- Artist: David Hockney
- Year: 1968
- Medium: Acrylic on canvas
- Dimensions: 213.4 cm × 304.8 cm (84.0 in × 120.0 in)
- Location: Art Institute of Chicago; Chicago;
- Accession: 1984

= American Collectors (Fred and Marcia Weisman) =

1968 painting by David Hockney

American Collectors (Fred and Marcia Weisman) is a 1968 painting by British artist David Hockney. The painting is currently in the collection of the Art Institute of Chicago. It was accessioned by the museum in 1984 after being donated by Frederic G. Pick and his wife, Frances Weis Pick. The painting depicts Frederick and Marcia Weisman, two American art collectors from Los Angeles.

The piece has been displayed at the National Portrait Gallery and the Royal Society of the Arts.
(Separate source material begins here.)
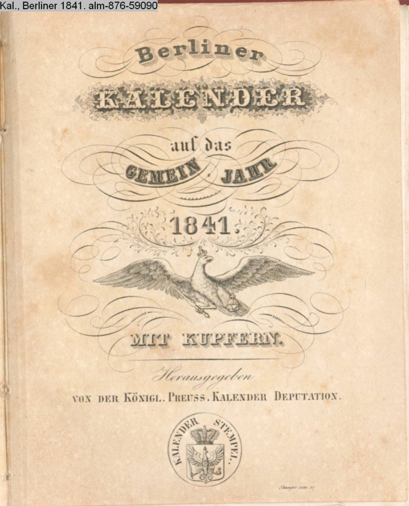Berliner / KALENDER / auf / das GEMEIN JAHR / 1841. / MIT KUPFERN. / Herausgegeben / VON DER KÖNIGL. PREUSS. KALENDER DEPUTATION

Hockney's 1968 double portrait of Fred and Marcia Weisman, American Collectors, is an intimate replication of the pair at their residence in California. Hockney uses the subjects, the objects, and his own style to recreate a mundane scene that invites both strangers and friends of the couple to ponder their dualistic home that stands as both a residence and gallery.

== Context ==
David Hockney is a British artist who at the time had also made a name for himself in America. In 1964, he visited Los Angeles and then left quickly only to come back in 1966 to teach at the University of California Los Angeles. Two years later Hockney began his double portraits. Initial thoughts on the painting were that it favored a dramatic and domestic scene, set out on a stage where both subjects and objects play the same role. Some critics argue that his work has no social context; however, his art does reflect a very high-class California domesticity during the 1960s when parts of California were experiencing upheaval such as the riots in Watts. A predominantly black neighborhood broke out into a riot that lasted several days and more than 3,000 people were arrested. Despite his themes that ignored contemporary social upheavals, his art is continuously praised by critics. In 2018, his painting Portrait of an Artist (Pool with Two Figures) sold on auction for 90.3 million dollars setting a record for a living artist.